God created us to be social beings. His plan, from day one, was for us to live in meaningful community with one another. Our relationships are so important to God that He positioned the command for us to love one another as second only to the call to love Him (Matthew 23:37-39). Those relationships must be a very high priority as we make our daily decisions.

Yet, in our sin, many of us look to other people to do the one thing they were never designed to do – give us identity. If we’re parents, we tend to try to get our identity from our children. We begin to live vicariously through them, as if their successes are our successes. And when we need the success of our children in order to feel good about ourselves, we’ll do anything possible to make them succeed.

We tell ourselves that it’s for them, but in reality, it’s for us. We become smothering, domineering, success-obsessed parents. But we’re blind to it, because we’re always able to say that it’s good for them. If anything, their success is a hymn of praise to another Father who provided everything they need to be where they are and to do what they’re doing. As parents, we’re never more than instruments in His redemptive hands.

Perhaps your marriage is the place where you seek identity. You live for the next shot of acceptance and appreciation, and the love of your spouse is the thing that makes you feel most alive. You’ll feel alive when they notice your efforts and seek your company, but your joy will come crashing down when you feel ignored or taken for granted.

This is all very dangerous. No sinner can ever be your rock and fortress. No sinner can give you a consistent reason for hope. Sooner or later, everyone around you will fail you.
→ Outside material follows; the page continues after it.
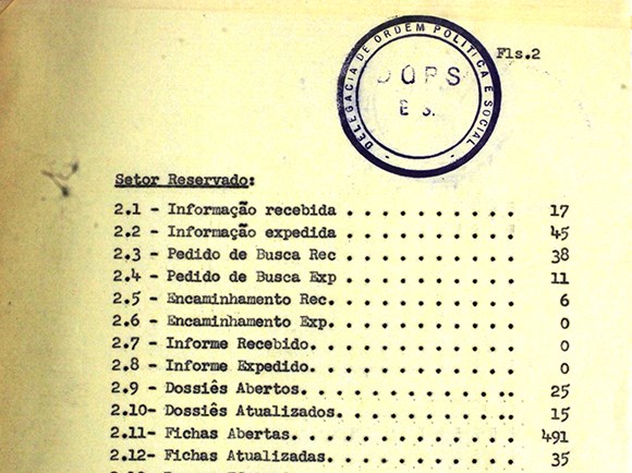 Um dos relatórios da Corregedoria de Polícia traz a súmula das atividades da DOPS-ES referente ao mês de outubro de 1974, época na qual o país encontrava-se sob a Ditadura. Nos documentos, há dados do Serviço de Investigação e Informações, dentre eles os ofícios recebidos e expedidos, as rondas efetuadas e as diligências e os dossiês abertos e atualizados. Destacam-se o requerimento e a emissão de 750 “Atestados de Ideologia Política”, que comprovavam a inexistência de fichas no órgão.

But there’s an even greater danger here.

As you look to this person for identity, you’re not really loving them – you’re loving you. You’ve turned the second great commandment on its ear. Instead of serving people because you love them, you’re willing to serve them so that they’ll love you. This kind of parasitic relationships is never healthy.

Our children were never given to us to be trophies on the mantel of our identity. Our spouses were never given to us to be personal messiahs. No relationship should be the source of our identity, because we look to people to give us what only God could give. We ask our relationships to provide us life, contentment, happiness, and joy, but sooner or later, like anything other than the Creator, they’ll fail us.

Process and Reflect

1. Are you asking flawed people to provide for you what only the Creator can provide?

2. How might some of your expectations for your relationships be unrealistic and unbiblical?

3. How does identity in Christ allow you to combat the temptation of finding identity in your relationships?